After a bloody war of independence in 1971, Hasina’s father came to power in East Pakistan (renamed Bangladesh) with Indian support. For India, the breakup of Pakistan solved a major strategic and security nightmare by making its eastern neighbor a friend.
Hasina’s personal ties to India go back almost as long.
She first called New Delhi home 50 years ago, when most of her family, including Rahman, were assassinated in a 1975 military coup. Only Hasina and her sister Rehana survived because they were in Germany.
Then Indian Prime Minister Indira Gandhi offered asylum to Rahman’s orphaned daughters. Hasina and her husband MA Wazed lived in different residences in New Delhi. children; and Rehana, and even appeared on All India Radio’s Bangla broadcast Moonlit.
After six years in exile, Hasina returned to Bangladesh to lead her father’s party and was first elected prime minister in 1996, beginning her second long term in 2009.
Under her rule, relations with India flourished even as she faced domestic criticism over brokering deals with Indian companies that were seen as unfair to Dhaka.
When she was exiled and felt the need to flee, there was little question as to where she would take refuge. India’s National Security Adviser Ajit Doval greeted her as she landed on the outskirts of New Delhi.
“We did not invite Hasina this time,” said Chakravarti, who briefly negotiated with Hasina’s government in 2009 when she was high commissioner. “Government officials naturally accepted her because she was the incumbent prime minister and India allowed her to stay. What other option was there?”

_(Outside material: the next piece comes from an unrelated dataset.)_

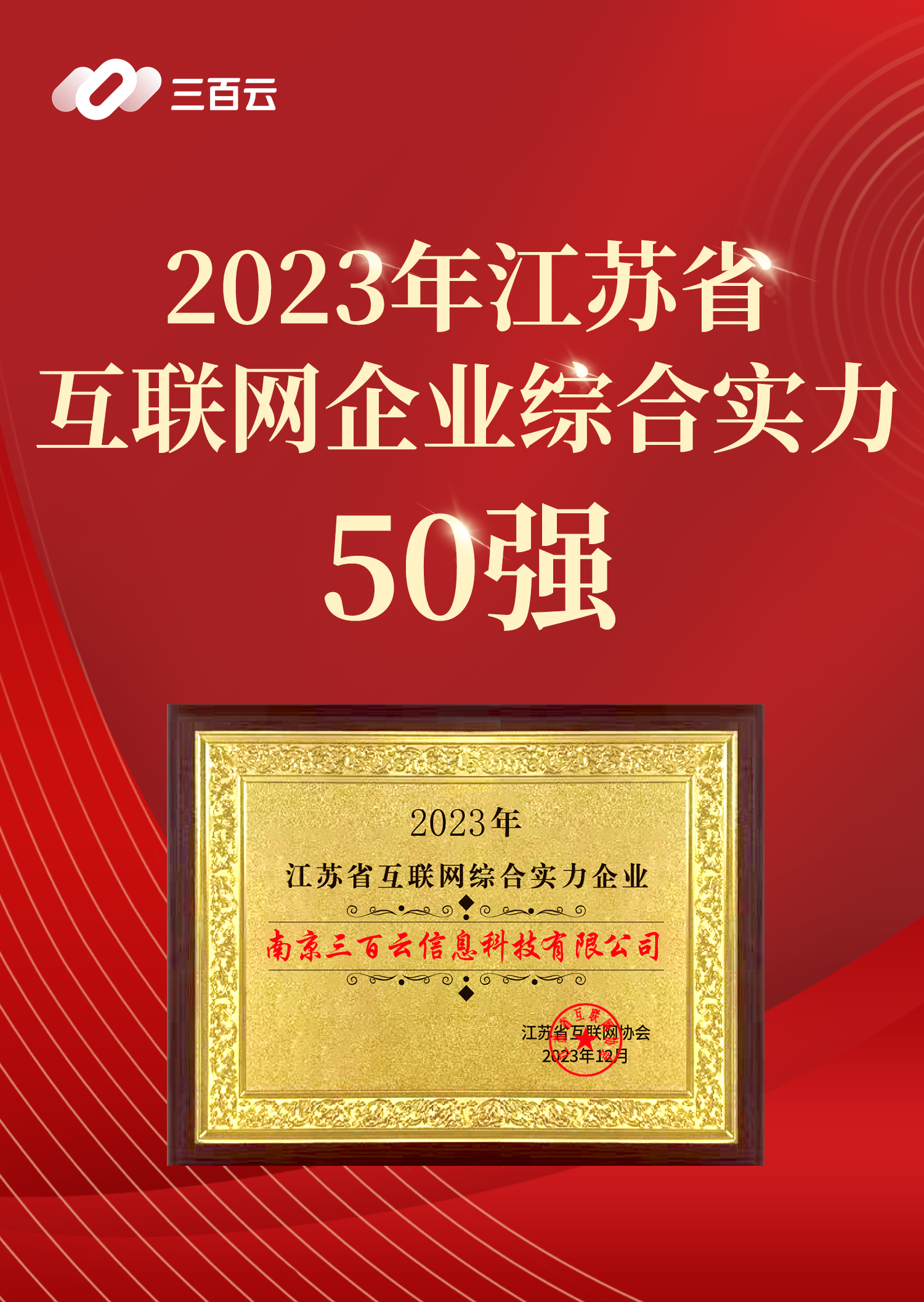 2月1日,江苏省互联网企业综合实力50强榜单揭晓,三百云并凭借在互联网方向的创新、科技助力金融业数字化转型等方面的突出表现入选。

“Can she return to Bangladesh now that she has been sentenced to death?” he further asked, adding, “She was a person who was friendly to India. India has to take a moral stand.”
Michael Kugelman, a South Asia analyst based in Washington, D.C., said Hasina’s presence in India “remains a thorny issue in bilateral relations” but allowed “India to stay true to its pledge to remain loyal to its allies.”
But in theory, Kugelman argued, New Delhi could also have long-term political benefits.
Unlike other analysts, Kugelman said Hasina’s political achievements and the future of Awami League cannot be completely written off.
Hasina heads an old dynastic party, and Kugelman said South Asia’s political history shows that dynastic parties “fall into difficult times for quite a while, but they never really wither away and die.”
“Dynastic parties are hanging out” in South Asia, he said, adding: “If we can be patient and see significant political change, there could be another opportunity for a comeback.”